Possible Method for Measuring the Proton Form Factors in Processes with and without Proton Spin Flip

TL;DR

This paper proposes a method to measure proton form factors by comparing cross sections with and without proton spin flip, offering a new way to resolve discrepancies in existing measurements.

Contribution

It introduces a novel experimental approach to determine electric and magnetic proton form factors independently through polarized scattering processes.

Findings

Cross section ratios relate to form factor ratios.

Method applicable to various scattering and photoproduction processes.
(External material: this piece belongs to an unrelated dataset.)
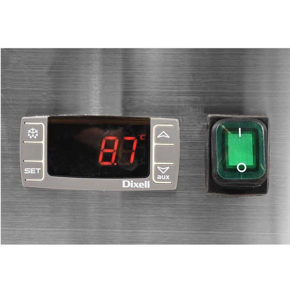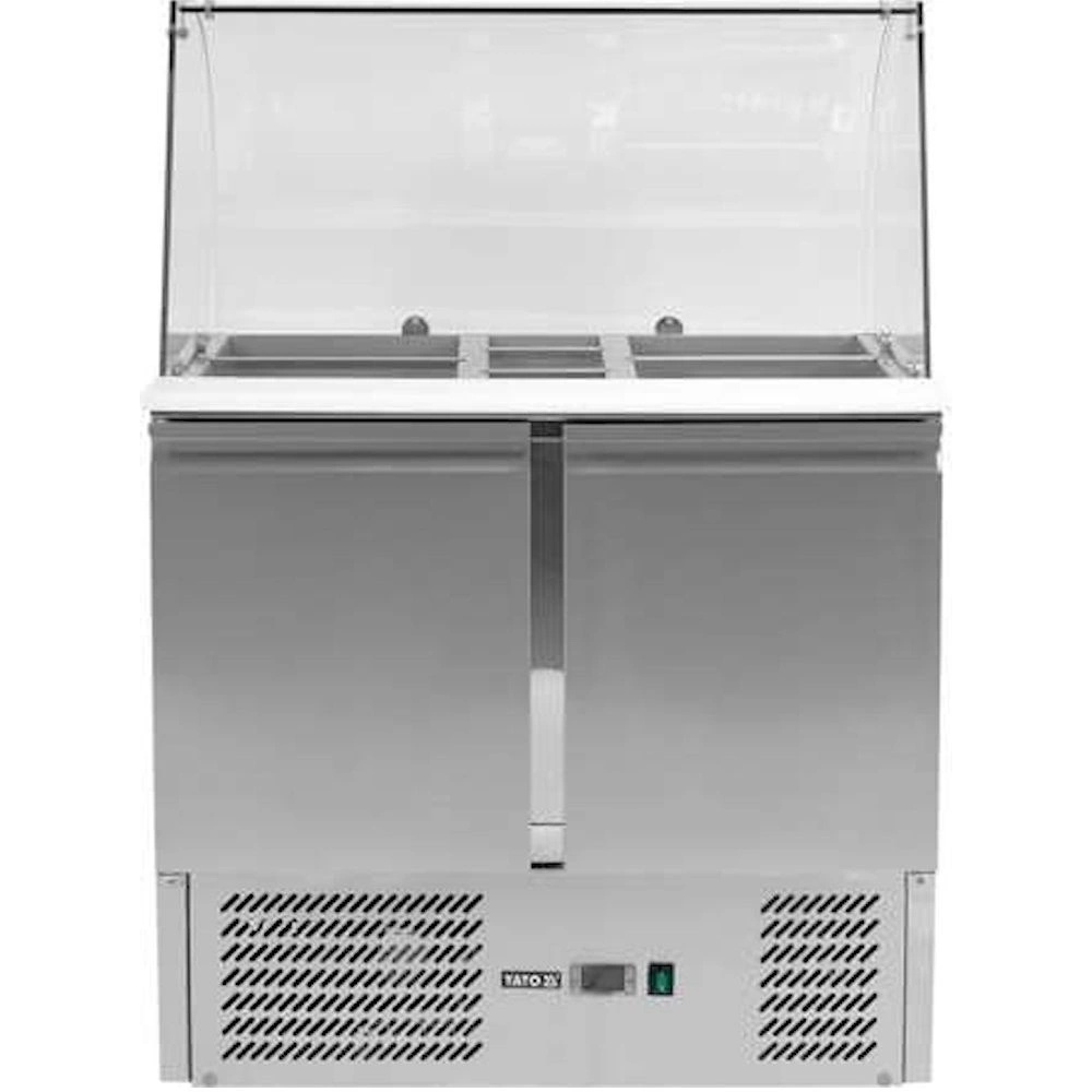 Dvoudveřová chladnička na salát se skleněným nástavcem z tvrzeného skla o objemu 240 litrů a rozměrech 90x70x85 cm od společnosti YATO. Je určena pro skladování potravin v teplotním rozmezí +2 °C až +8 °C. Vnější a vnitřní plášť z vysoce kvalitní nerezové oceli 201 zaručuje elegantní vzhled a zároveň se velmi snadno čistí. Horní část je navíc opatřena výklopným vókrytem z nerezové oceli. Stó³³ je vybavena výklopnými, samouzavíracími dvířky s ergonomickými úchyty a ke každým dvířkům je dodávána jedna roštová podložka potažená PVC (32,5x56 cm) s maximální nosností 40 kg při rovnoměrném zatížení. Tento model umožňuje také skladování kontejnerů GN 1/1ós.

Potential to clarify existing experimental contradictions.

Abstract

The ratio of the squares of the electric and magnetic proton form factors is shown to be proportional to the ratio of the cross sections for the elastic scattering of an unpolarized electron on a partially polarized proton with and without proton spin flip. The initial proton at rest should be polarized along the direction of the motion of the final proton. Similar results are valid for both radiative $ep$ scattering and the photoproduction of pairs on a proton in the Bethe--Heitler kinematics. When the initial proton is fully polarized in the direction of the motion of the final proton, the cross section for the $ep \to ep$ process, as well as for the $ep \to ep \gamma$ and $\gamma p \to e \bar e p$ processes, without (with) proton spin flip is expressed only in terms of the square of the electric (magnetic) proton form factor. Such an experiment on the measurement of the cross sections without and with proton spin flip would make it possible to acquire new independent data on the behavior of $G_E^2(Q^2)$ and $G_M^2(Q^2)$, which are necessary for resolving the contradictions appearing after the experiment of the JLab collaboration on the measurement of the proton form factors with the method of polarization transfer from the initial electron to the final proton.